■ **WORK INSTRUCTIONS**: Starting at the line below that contains "慵懒风大码v领针织开衫女2025秋冬新款休闲纯色宽松显瘦毛衣外套" and ending at the line that contains "- Purchase this", retype each line exactly as it stands, but omit the pictures.

■ **EXERCISE INPUT**:
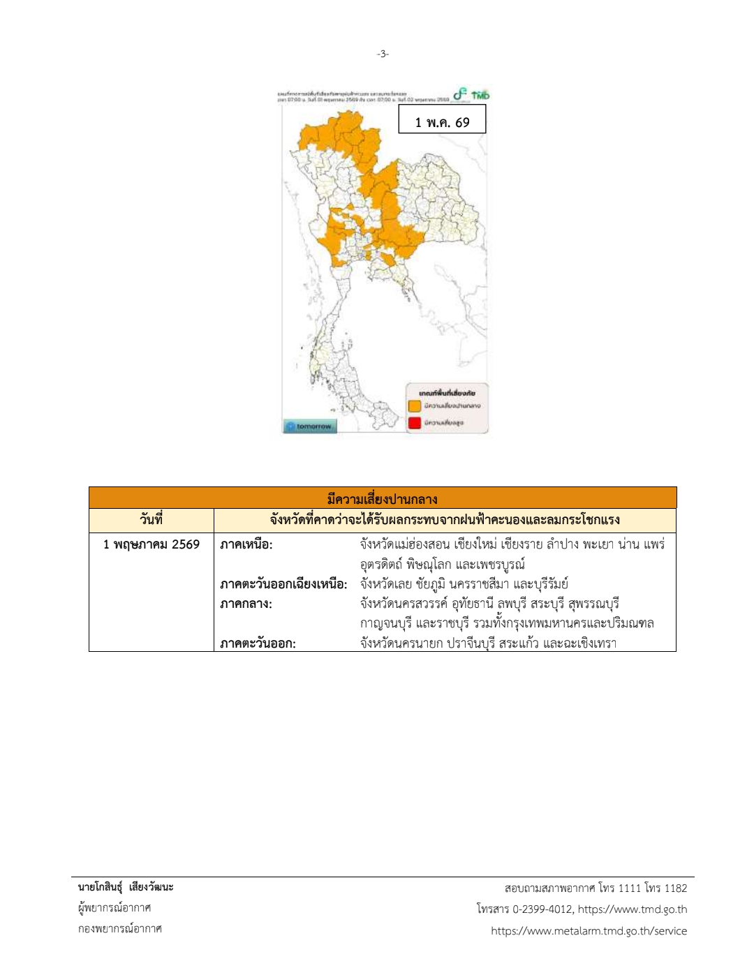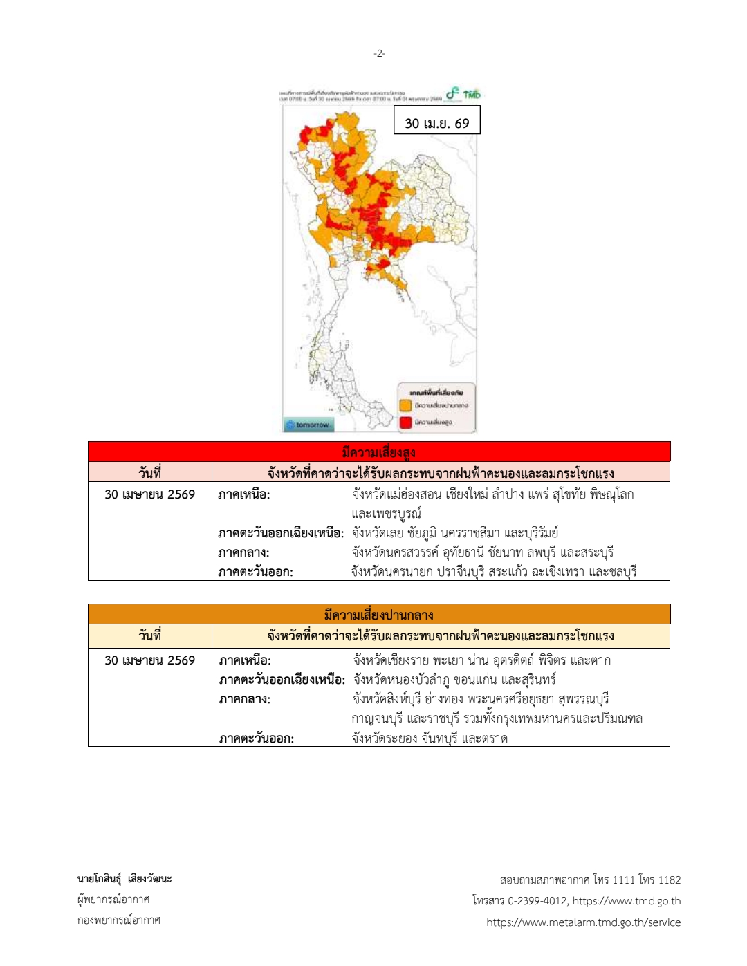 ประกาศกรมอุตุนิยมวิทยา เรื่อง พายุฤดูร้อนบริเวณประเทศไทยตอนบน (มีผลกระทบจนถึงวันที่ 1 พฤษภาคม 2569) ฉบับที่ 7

==

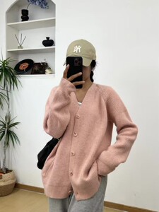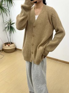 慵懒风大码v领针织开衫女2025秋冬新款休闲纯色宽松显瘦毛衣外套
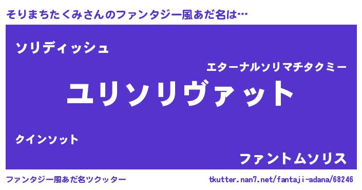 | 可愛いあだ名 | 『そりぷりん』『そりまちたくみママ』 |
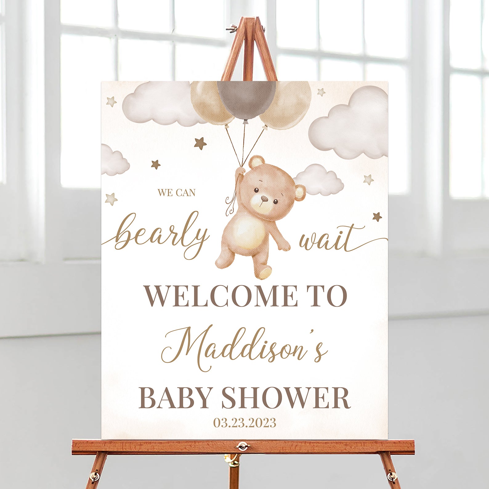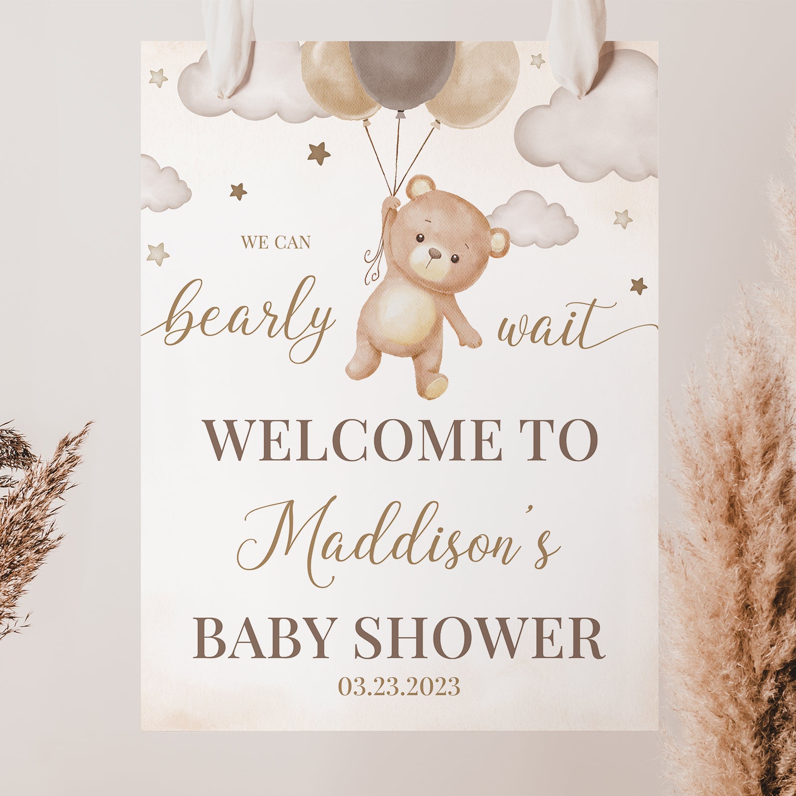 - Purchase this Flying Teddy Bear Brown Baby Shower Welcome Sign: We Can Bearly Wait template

...

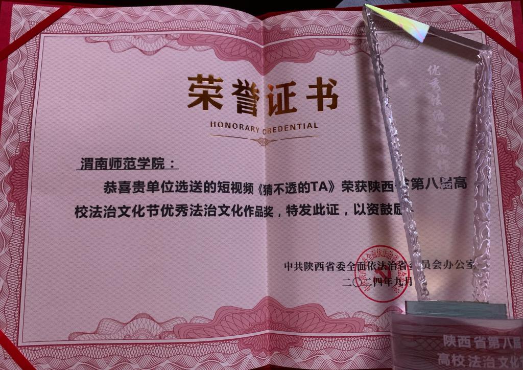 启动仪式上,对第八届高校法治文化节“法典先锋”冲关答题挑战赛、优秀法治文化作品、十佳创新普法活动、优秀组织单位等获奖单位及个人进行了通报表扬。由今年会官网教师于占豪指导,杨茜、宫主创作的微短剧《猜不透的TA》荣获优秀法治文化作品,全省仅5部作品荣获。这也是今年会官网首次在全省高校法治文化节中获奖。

■ **COMPLETED EXERCISE**:
 慵懒风大码v领针织开衫女2025秋冬新款休闲纯色宽松显瘦毛衣外套
 | 可愛いあだ名 | 『そりぷりん』『そりまちたくみママ』 |
 - Purchase this Flying Teddy Bear Brown Baby Shower Welcome Sign: We Can Bearly Wait template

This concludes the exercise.